→ Problem to solve:
Once you have located the line containing "มีรถโตโยต้าฟอร์จูนเนอร์ ทะเบียน ฆฉ" in the material below, return it exactly along with each line after it through the line containing "Скейт пенни, 56*14.5см, колеса".

→ Extracted records:

::::::::

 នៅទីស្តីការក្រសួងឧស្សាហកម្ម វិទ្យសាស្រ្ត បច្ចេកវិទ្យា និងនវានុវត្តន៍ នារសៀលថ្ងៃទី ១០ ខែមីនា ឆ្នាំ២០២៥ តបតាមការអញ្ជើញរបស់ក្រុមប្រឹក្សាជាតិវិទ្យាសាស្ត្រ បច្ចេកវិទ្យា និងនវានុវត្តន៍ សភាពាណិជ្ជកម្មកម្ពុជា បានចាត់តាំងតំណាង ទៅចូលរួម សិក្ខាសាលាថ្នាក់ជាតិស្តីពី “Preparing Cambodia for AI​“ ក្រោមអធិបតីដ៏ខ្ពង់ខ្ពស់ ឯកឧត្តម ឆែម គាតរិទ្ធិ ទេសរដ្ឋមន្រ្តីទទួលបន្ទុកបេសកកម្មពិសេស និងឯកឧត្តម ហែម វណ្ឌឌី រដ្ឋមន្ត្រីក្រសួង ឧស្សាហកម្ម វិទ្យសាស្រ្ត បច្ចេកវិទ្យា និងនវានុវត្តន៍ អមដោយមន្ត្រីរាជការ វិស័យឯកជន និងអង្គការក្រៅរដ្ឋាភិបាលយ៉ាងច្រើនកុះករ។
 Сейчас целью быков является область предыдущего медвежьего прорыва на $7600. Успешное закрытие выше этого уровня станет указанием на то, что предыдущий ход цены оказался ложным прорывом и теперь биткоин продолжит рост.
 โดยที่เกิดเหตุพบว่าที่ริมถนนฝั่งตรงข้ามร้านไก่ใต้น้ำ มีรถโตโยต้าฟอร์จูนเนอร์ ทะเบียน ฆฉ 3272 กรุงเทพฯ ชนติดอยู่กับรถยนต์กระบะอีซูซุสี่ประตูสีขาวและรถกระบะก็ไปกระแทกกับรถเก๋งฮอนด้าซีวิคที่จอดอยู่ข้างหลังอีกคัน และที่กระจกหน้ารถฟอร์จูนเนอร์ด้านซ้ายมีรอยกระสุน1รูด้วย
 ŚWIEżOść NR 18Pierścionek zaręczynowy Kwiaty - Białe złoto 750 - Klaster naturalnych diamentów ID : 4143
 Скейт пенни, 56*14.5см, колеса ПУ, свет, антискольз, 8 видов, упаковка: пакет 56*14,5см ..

::::::::

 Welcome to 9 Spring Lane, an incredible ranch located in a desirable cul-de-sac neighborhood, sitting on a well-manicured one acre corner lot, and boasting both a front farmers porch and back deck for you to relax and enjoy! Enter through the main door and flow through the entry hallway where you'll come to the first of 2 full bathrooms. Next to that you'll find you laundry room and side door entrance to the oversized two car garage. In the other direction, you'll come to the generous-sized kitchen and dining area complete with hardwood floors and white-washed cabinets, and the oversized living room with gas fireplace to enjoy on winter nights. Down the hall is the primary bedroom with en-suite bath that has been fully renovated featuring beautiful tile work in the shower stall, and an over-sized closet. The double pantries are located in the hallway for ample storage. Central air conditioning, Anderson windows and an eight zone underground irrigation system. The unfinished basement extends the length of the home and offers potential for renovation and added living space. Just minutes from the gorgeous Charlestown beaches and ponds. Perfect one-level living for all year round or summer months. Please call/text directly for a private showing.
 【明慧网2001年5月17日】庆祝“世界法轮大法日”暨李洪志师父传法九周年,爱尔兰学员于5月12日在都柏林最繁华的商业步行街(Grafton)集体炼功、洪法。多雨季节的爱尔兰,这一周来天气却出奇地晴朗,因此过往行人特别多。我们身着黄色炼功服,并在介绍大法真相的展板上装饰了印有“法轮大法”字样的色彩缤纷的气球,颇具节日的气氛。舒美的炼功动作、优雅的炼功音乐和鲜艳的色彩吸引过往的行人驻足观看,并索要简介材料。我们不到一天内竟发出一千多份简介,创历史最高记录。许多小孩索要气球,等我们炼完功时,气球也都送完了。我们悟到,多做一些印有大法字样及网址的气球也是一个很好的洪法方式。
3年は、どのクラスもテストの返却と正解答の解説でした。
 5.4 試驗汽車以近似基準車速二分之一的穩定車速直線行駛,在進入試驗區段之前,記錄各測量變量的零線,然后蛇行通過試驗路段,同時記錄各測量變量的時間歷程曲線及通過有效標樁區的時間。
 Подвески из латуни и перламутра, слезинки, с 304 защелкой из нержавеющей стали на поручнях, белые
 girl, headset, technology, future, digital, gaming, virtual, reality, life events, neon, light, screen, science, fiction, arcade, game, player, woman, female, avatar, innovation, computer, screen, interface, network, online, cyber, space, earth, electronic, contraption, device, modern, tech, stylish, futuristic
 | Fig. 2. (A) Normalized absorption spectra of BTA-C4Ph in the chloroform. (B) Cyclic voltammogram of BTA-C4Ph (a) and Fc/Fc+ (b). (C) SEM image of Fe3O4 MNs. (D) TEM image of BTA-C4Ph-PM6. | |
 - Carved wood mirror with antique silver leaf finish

::::::::

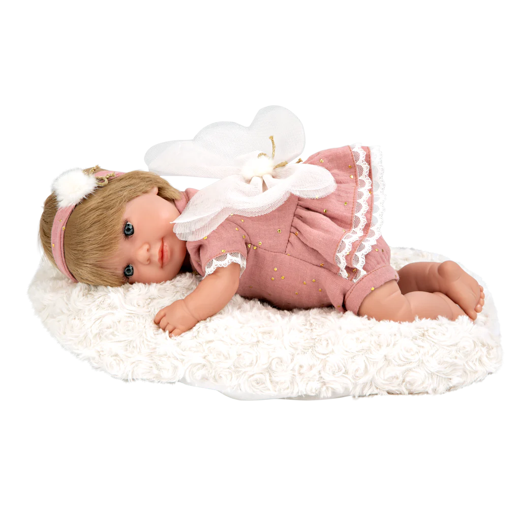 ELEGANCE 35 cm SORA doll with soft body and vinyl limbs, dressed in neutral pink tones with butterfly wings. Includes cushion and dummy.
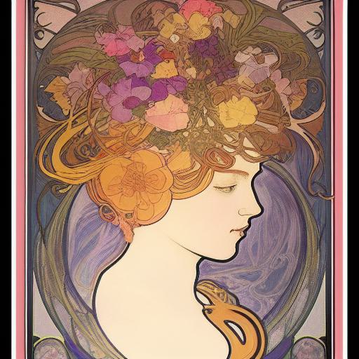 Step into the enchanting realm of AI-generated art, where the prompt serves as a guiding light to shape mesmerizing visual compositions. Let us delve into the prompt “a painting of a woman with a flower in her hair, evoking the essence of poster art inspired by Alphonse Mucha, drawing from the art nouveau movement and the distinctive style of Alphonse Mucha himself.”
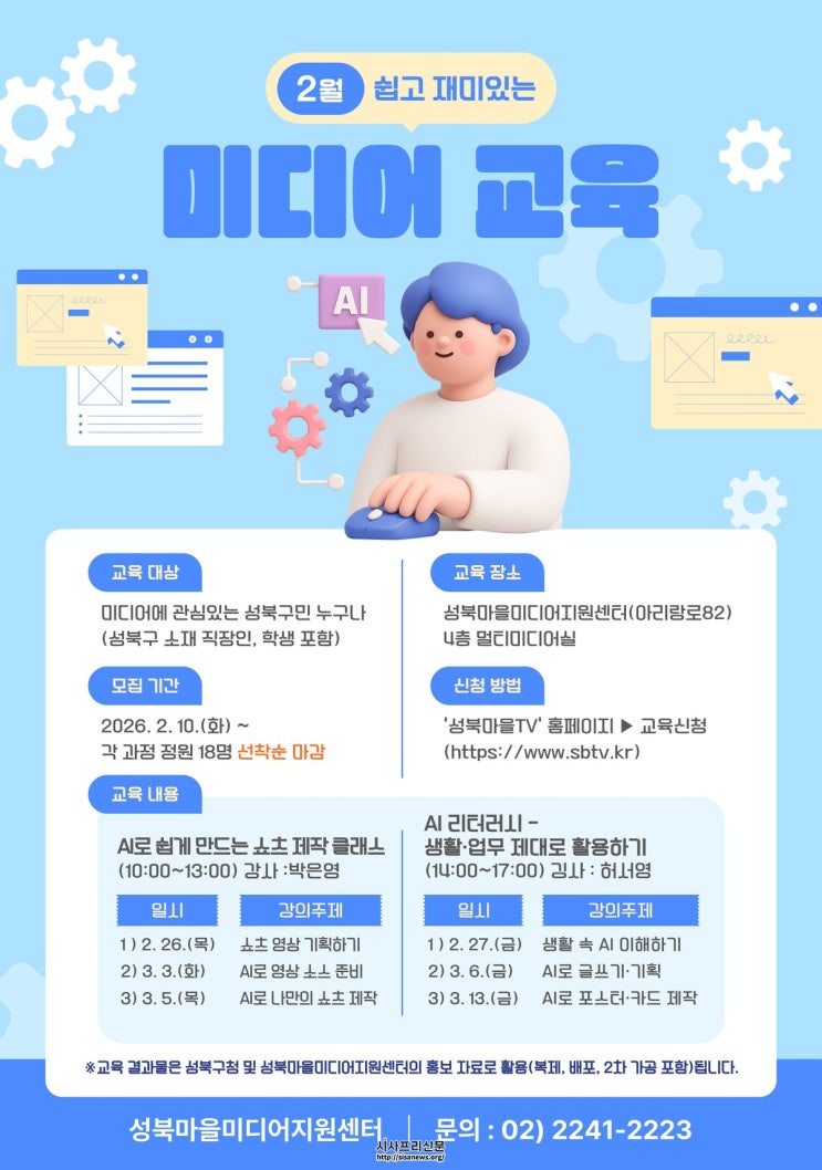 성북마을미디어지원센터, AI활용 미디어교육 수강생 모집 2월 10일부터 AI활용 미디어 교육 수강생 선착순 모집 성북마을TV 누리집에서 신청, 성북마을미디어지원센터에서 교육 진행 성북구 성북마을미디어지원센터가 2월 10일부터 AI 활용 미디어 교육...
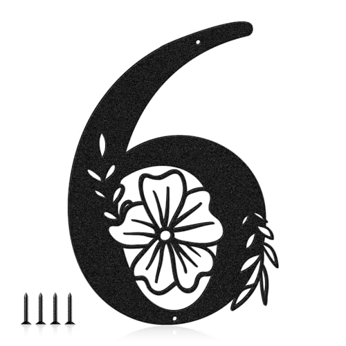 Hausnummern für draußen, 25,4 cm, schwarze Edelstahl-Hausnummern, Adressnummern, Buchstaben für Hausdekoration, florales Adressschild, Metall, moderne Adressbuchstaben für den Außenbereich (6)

::::::::

→ Result below:
 โดยที่เกิดเหตุพบว่าที่ริมถนนฝั่งตรงข้ามร้านไก่ใต้น้ำ มีรถโตโยต้าฟอร์จูนเนอร์ ทะเบียน ฆฉ 3272 กรุงเทพฯ ชนติดอยู่กับรถยนต์กระบะอีซูซุสี่ประตูสีขาวและรถกระบะก็ไปกระแทกกับรถเก๋งฮอนด้าซีวิคที่จอดอยู่ข้างหลังอีกคัน และที่กระจกหน้ารถฟอร์จูนเนอร์ด้านซ้ายมีรอยกระสุน1รูด้วย
 ŚWIEżOść NR 18Pierścionek zaręczynowy Kwiaty - Białe złoto 750 - Klaster naturalnych diamentów ID : 4143
 Скейт пенни, 56*14.5см, колеса ПУ, свет, антискольз, 8 видов, упаковка: пакет 56*14,5см ..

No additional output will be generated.